Visual inspection of the distribution of values in the dataset is the quickest way of establishing whether the data is normally distributed:
df <- data.frame(columnA = c(0.333, 0.235, -0.111),
columnB = c(0.231, -0.114, -0.234),
columnC = c(-0.123, -0.034, 0.442))
# Convert dataframe to vector (with loss of data structure information)
vec <- as.vector(t(df))
vec
# [1] 0.333 0.231 -0.123 0.235 -0.114 -0.034 -0.111 -0.234 0.442
hist(vec)
An alternative to the above using data.table to transform the data before plotting in order to retain data structure information:
library(data.table)
df <- data.frame(columnA = c(0.333, 0.235, -0.111),
columnB = c(0.231, -0.114, -0.234),
columnC = c(-0.123, -0.034, 0.442))
# Convert to data.table
dt <- as.data.table(df)
# Pivot long (columns to rows)
dt <- melt(dt)
# variable value
# 1: columnA 0.333
# 2: columnA 0.235
# 3: columnA -0.111
# 4: columnB 0.231
# 5: columnB -0.114
# 6: columnB -0.234
# 7: columnC -0.123
# 8: columnC -0.034
# 9: columnC 0.442
hist(dt$value)
Alternatively you can use statistical description to contribute to your interpretation of whether the data is normally distributed or not, e.g. when data is normally distributed we expect the mean, median and mode to be approximately the same:
# Values are continuous so it is necessary to bin the data to calculate the mode
# The hist function does this for us
plt <- hist(dt$value)
# The mode is a bin range
mode <- paste0("(",
plt$breaks[which(plt$counts==max(plt$counts), arr.ind=T)],
", ",
plt$breaks[(which(plt$counts==max(plt$counts), arr.ind=T) + 1)],
"]")
# Summarise mean and median and add mode to data displayed
dt[, .(mean=mean(value), median=median(value))
][, lapply(.SD, round, 3)
][, .(mean, median, mode)]
# mean median mode
# 1: 0.069 -0.034 (-0.2, -0.1]
You need to interpret the numbers (and their approximate difference or lack thereof) to determine whether the data is normally distributed.
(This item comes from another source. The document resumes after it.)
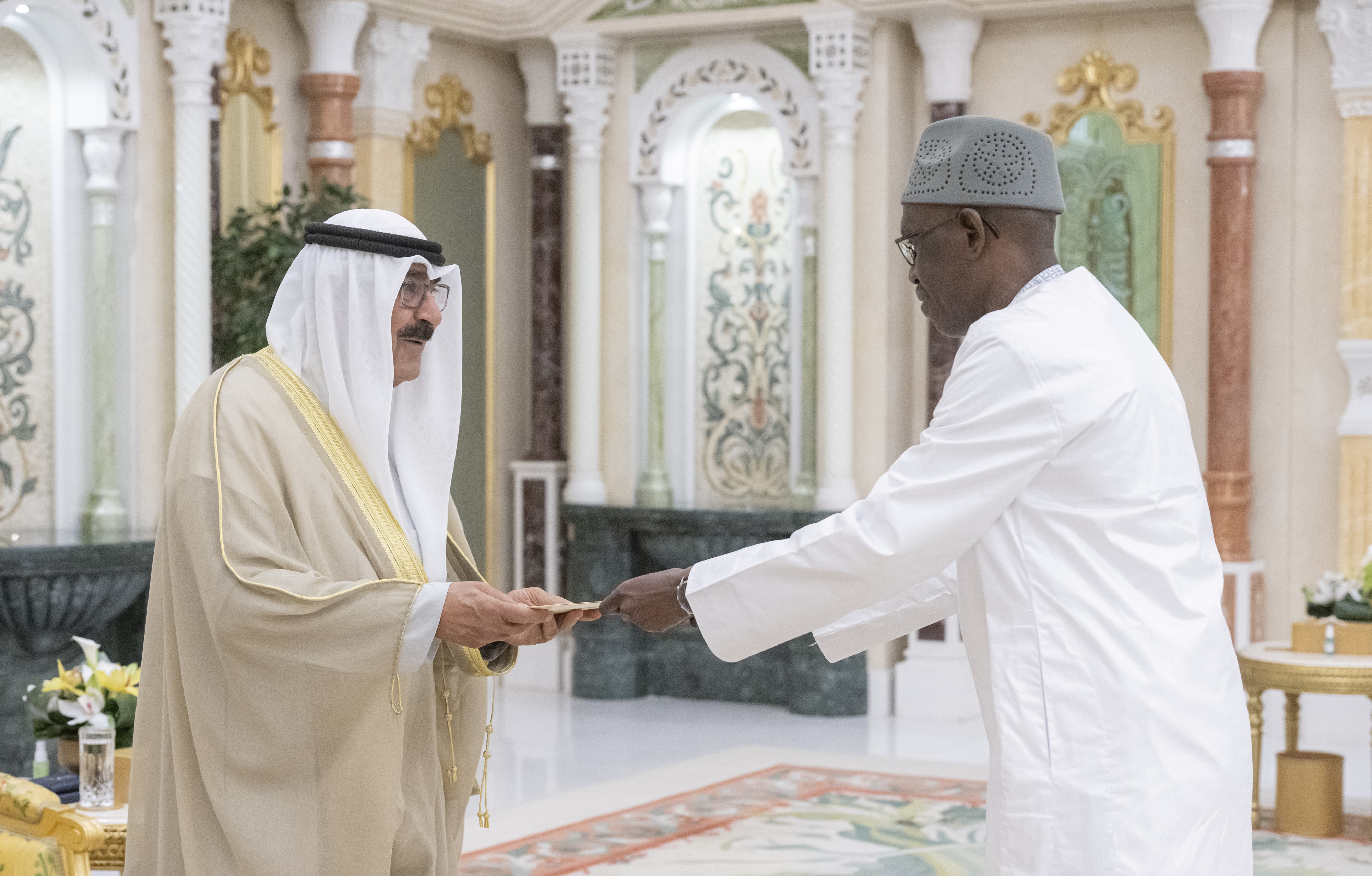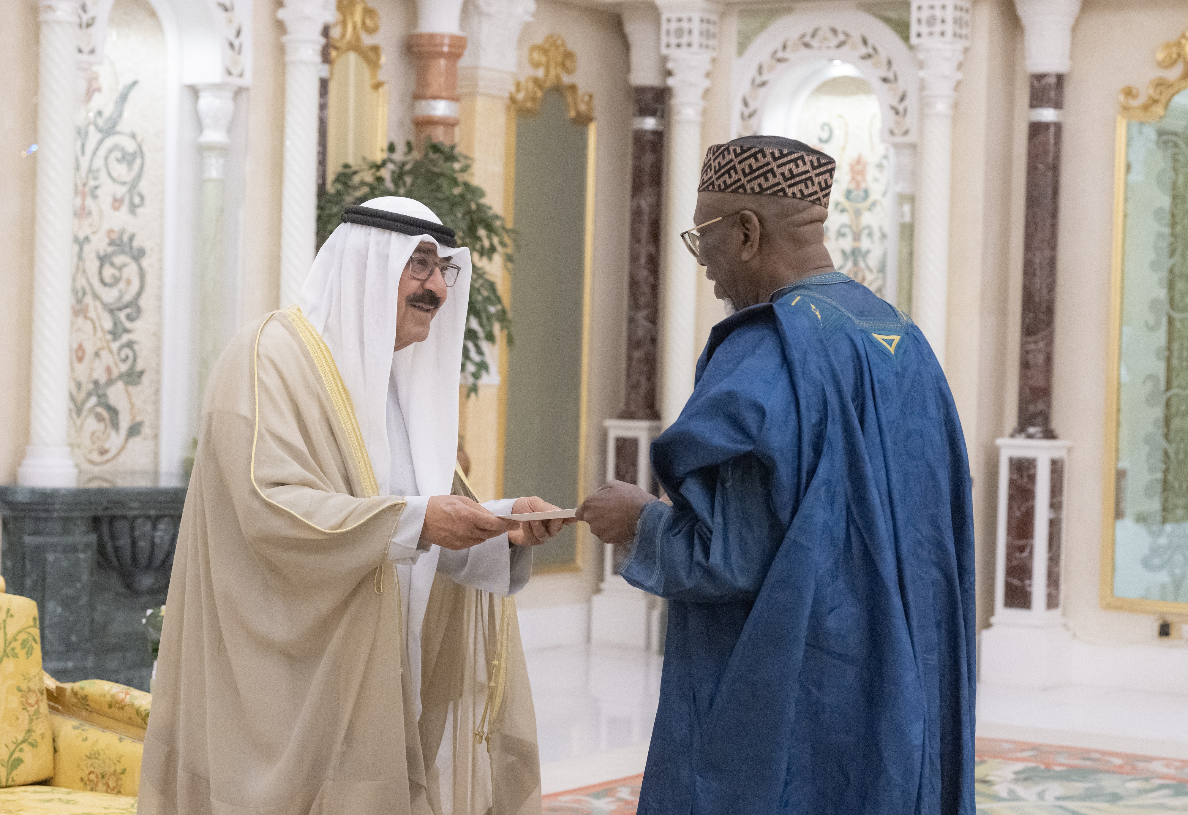 الكويت - 16 - 9 (كونا) -- احتفل في قصر بيان صباح اليوم بتسلم حضرة صاحب السمو أمير البلاد الشيخ مشعل الأحمد الجابر الصباح حفظه الله ورعاه أوراق اعتماد كل من السفير د. آدم عبده حسن سفيرا لجمهورية النيجر والسفير د. براهيما دياكيتي كابا سفيرا لجمهورية ليبيريا والسفير باديرو أغيمون سفيرا لجمهورية بنين والسفير ميشال جوليوا سفيرا لجمهورية بولندا والسفير حسن سوغو سفيرا لجمهورية السنغال وذلك كسفراء لبلادهم لدى دولة الكويت.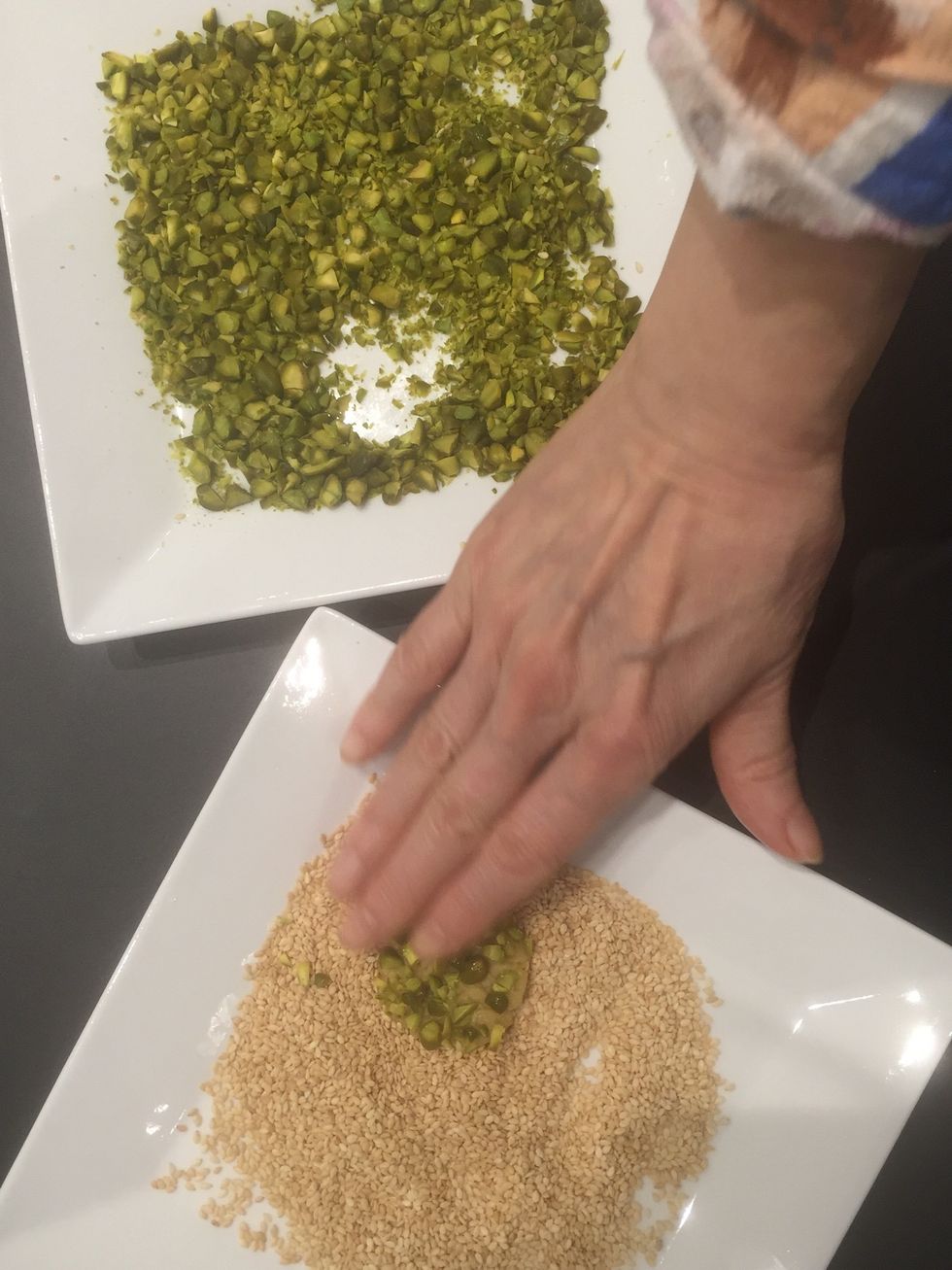 Add and fold the dry ingredients over the butter mixture. Finish with 2 tbsp of milk or as needed. Divide the dough into 3 parts, make cylinders, wrap and refrigerate at least 2 hrs.

In theory you could try to use a chi-square goodness of fit test to compare your empirical data with a simulation of data generated randomly from the random distribution using the parameters of your sample but you would need to think through several questions (e.g. how many breaks do I need to bin my data into, how many records are a good number of records to ensure the bins are not empty due to low sample size but not so high that it would make the chi square over sensitive etc.).
There are other measures (e.g. skew, kurtosis, overdispersion) that you could also consider.